Music center in Lingya and Yancheng, Kaohsiung, Taiwan

The Kaohsiung Music Center (KMC; 高雄流行音樂中心 (Gāoxióng Liúxíng Yīnyuè Zhōngxīn)) is a music hall in Yancheng District and Lingya District in Kaohsiung, Taiwan.

==History==
In 2009, the Executive Yuan recognized the need to establish a music center in Kaohsiung. The Council for Cultural Affairs then commissioned Kaohsiung City Government to plan, design, and construct the center. The center was officially opened on 31 October 2021 in a ceremony attended by President Tsai Ing-wen and Culture Minister Lee Yung-te.

==Architecture==
The center was designed in 2011 by the Spanish architecture team MADE IN Architects, a group created specifically for this competition and led by architect Manuel Monteserin. The team was initially composed of Manuel Monteserin, Javier Simó, Beatriz Pachón, María Mallo, Guiomar Contreras, Nacho Álvarez Monteserin, Antonio Alejandro, Alicia Domingo, Luis Marcos, Beatriz Crespo, Ismael García, Iñigo Redondo, Jorge López, Andrés Infantes and Lain Sarustegui. The subsequent development of the project was carried out by Manuel Monteserin, Beatriz Pachón and Javier Simó, in collaboration with Eddea The project is dedicated to the pop music industry, which holds significant cultural and economic influence in this part of Asia. It comprises an outdoor amphitheater for 10,000 people, a concert hall for 6,000 people, six live houses known as the "Whales," five restaurants connected by an elevated walkway, two towers containing offices, museum spaces, and rehearsal rooms, an exhibition center, and a network of parks and promenades that link the entire site.
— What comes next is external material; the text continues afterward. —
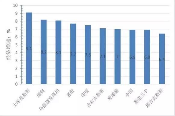 圖3 “一帶一路”地區經濟增速前10名的國家

The design seeks to produce a heterogeneous architectural landscape, in which each building responds to its specific program and context. During the design phases the team assigned names to the different architectures, such as the "Whales" and the "Dolphins." These names were later adopted by the citizens of Kaohsiung, who now refer to the buildings in the same way.

A key objective from the competition stage was the creation of new public spaces that function independently of performances, integrating the project into the everyday life of the city. In the area of the live houses, the accessible green roofs form gentle hills overlooking the harbor and the sea. In the exhibition center, a large open shaded platform beneath hexagonal structures provides a flexible civic space that can host markets, dance events, theater, and other activities. More than a thousand trees were planted, creating a large park at the mouth of the Love River, with the expectation that the tropical humid climate will foster abundant vegetation in the coming years.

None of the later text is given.